At the same time, our family embraced being global citizens. Our kids learned to speak, read, and write Telugu. They became involved in Indian classical dance and cricket. They learned cultural norms and became well versed with various cuisines of Indian food, neither of which were done with ease or even grace. We met with some distant relatives and formed lasting bonds. I made friends with other school moms, and we lamented about the same concerns and laughed about the same precocious comments that our kids had made. Our family volunteered at schools to help with English and at programs to help unskilled workers learn skills to land jobs.
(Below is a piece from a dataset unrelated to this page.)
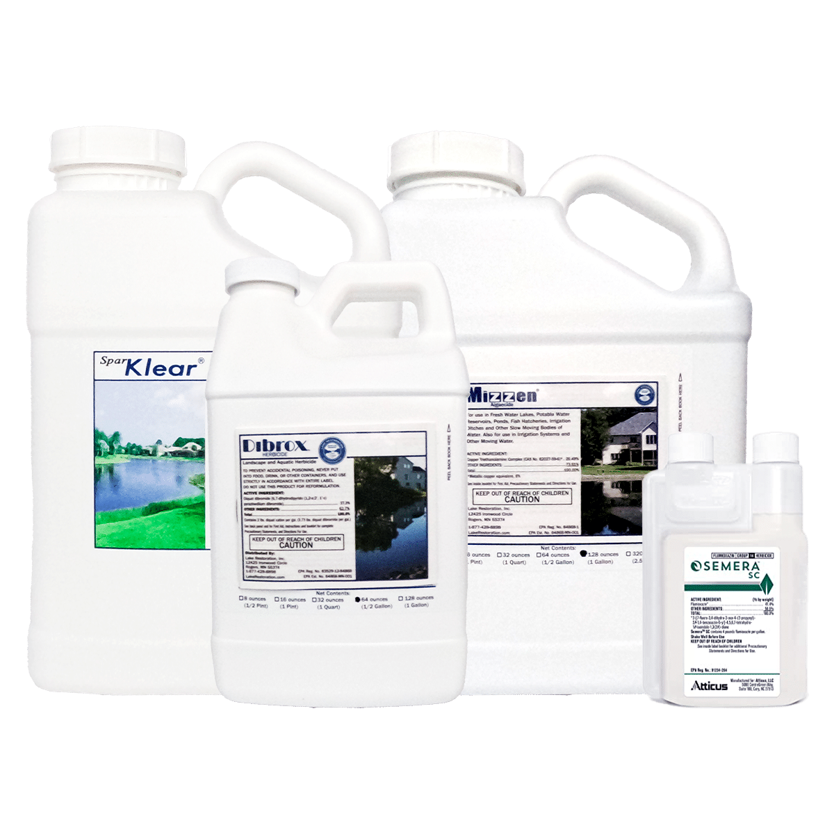 Semera manufactured by Atticus, LLC. Flumigard manufactured by Alligare, LLC. Dibrox and SparKlear are manufactured for Lake Restoration, Inc. Mizzen is manufactured by Lake Restoration, Inc.
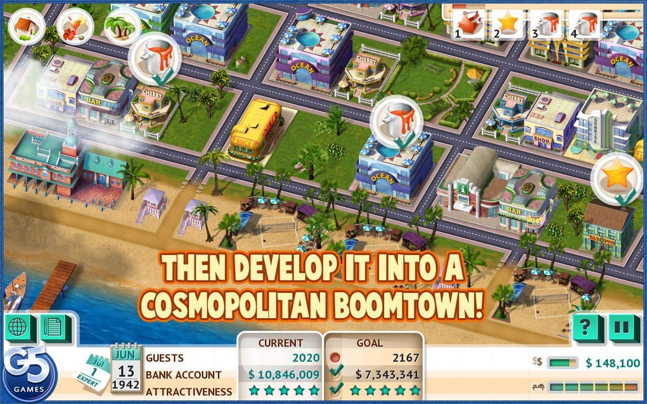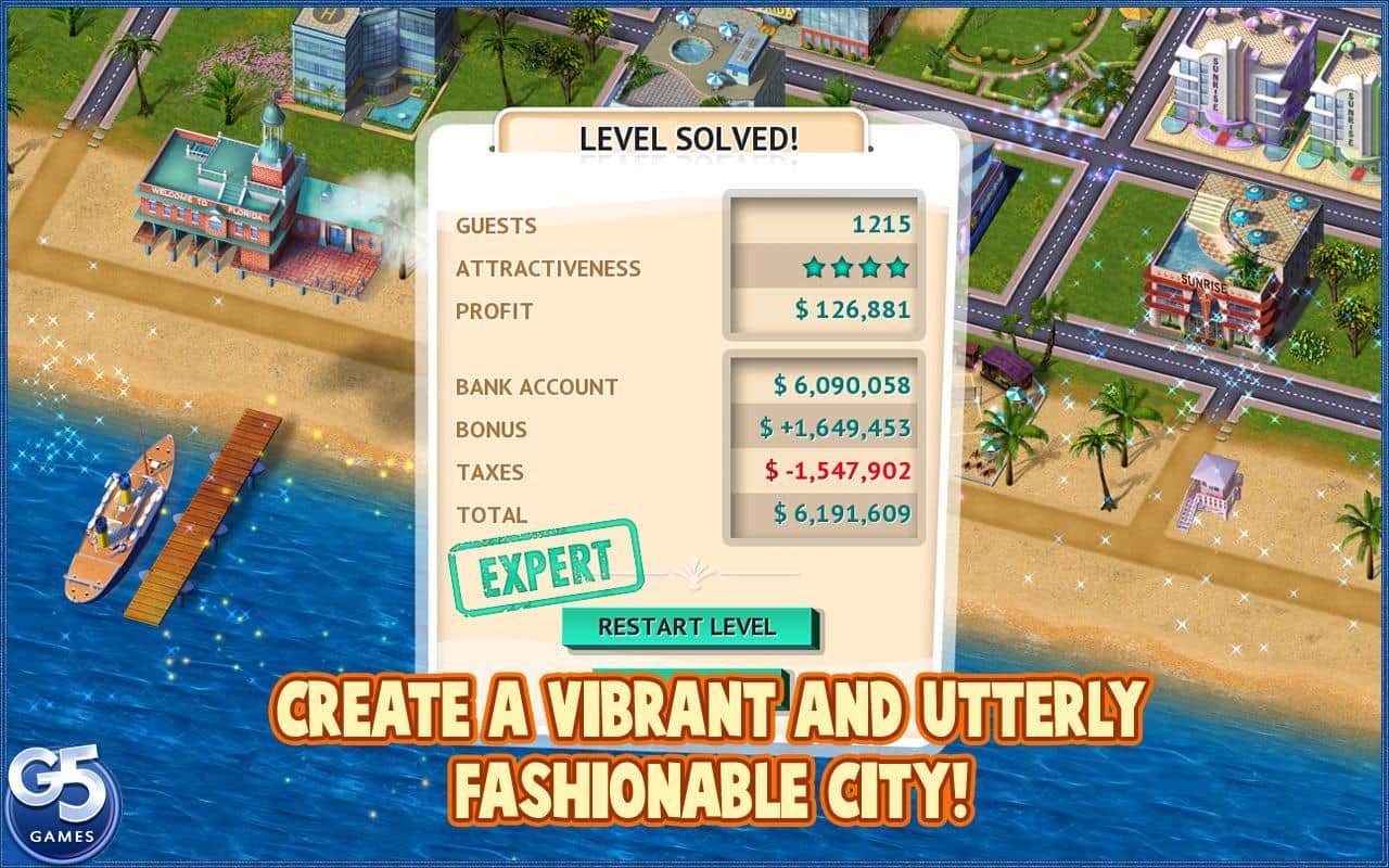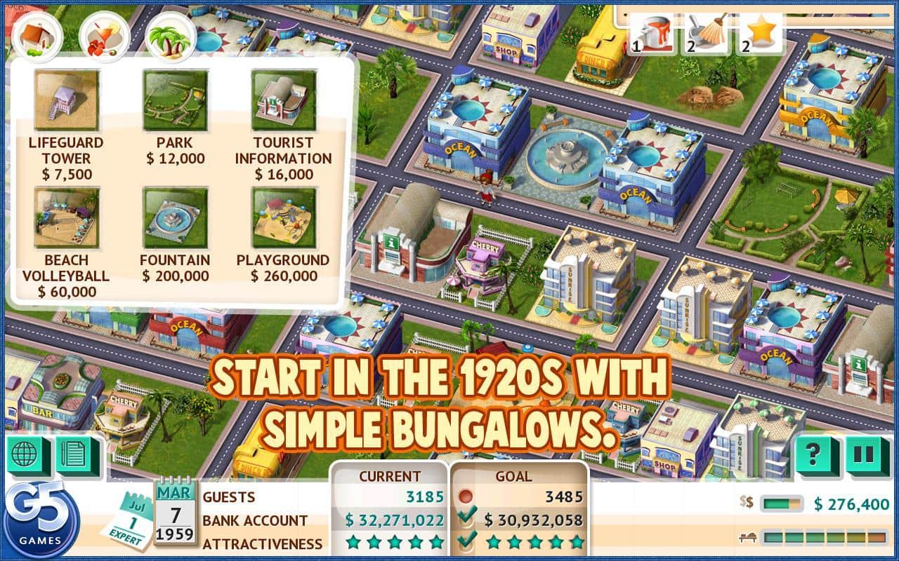 Построй-ка:Пляжный Курорт - Увлекательная экономическая стратегия на андроид от компании G5. Вам предстоит построить свой собственный курортный городок на побережье моря. Ваш город начнет новую жизнь с обычных маленьких бунгало, и достигнет современных небоскребов, отелей и гостиниц. А также дорогие рестораны, магазины и бутики. Пройдите эру создания нового города на протяжении шестидесяти увлекательных уровней.

Leaving the safe space of Western medicine and the Western world forced me to both check my own existing biases and truly acknowledge that there is almost always more than one right way to get to the desired outcome, whether in medicine or life. It also allowed me to think as a whole person again when planning for this next stage of my life and career. I recently read a quote from American entrepreneur Chip Conley that this coming-of-age period in midlife is “not a crisis but a chrysalis,” and can be a time of reinvention. I believe my Fulbright journey was just the start of that for me. I became reinvigorated and rediscovered the utter joy of helping people. I remembered that so much of why I love being in medicine and being an otolaryngologist is the people that I am lucky enough to call my colleagues and friends. I understood the importance of my culture, language, and background to my identity and to the life experience we want to cultivate for our family.
We spent 277 days as temporary Indians, and it has now been a little over a year since I began this journey with my family. My research is nearly complete and will hopefully be in the literature soon. But my reinvention continues, and as I find my whole self, in me, I see a better and more resilient and forgiving doctor, mother, wife, friend, and community member who is embracing the journey with much more aplomb.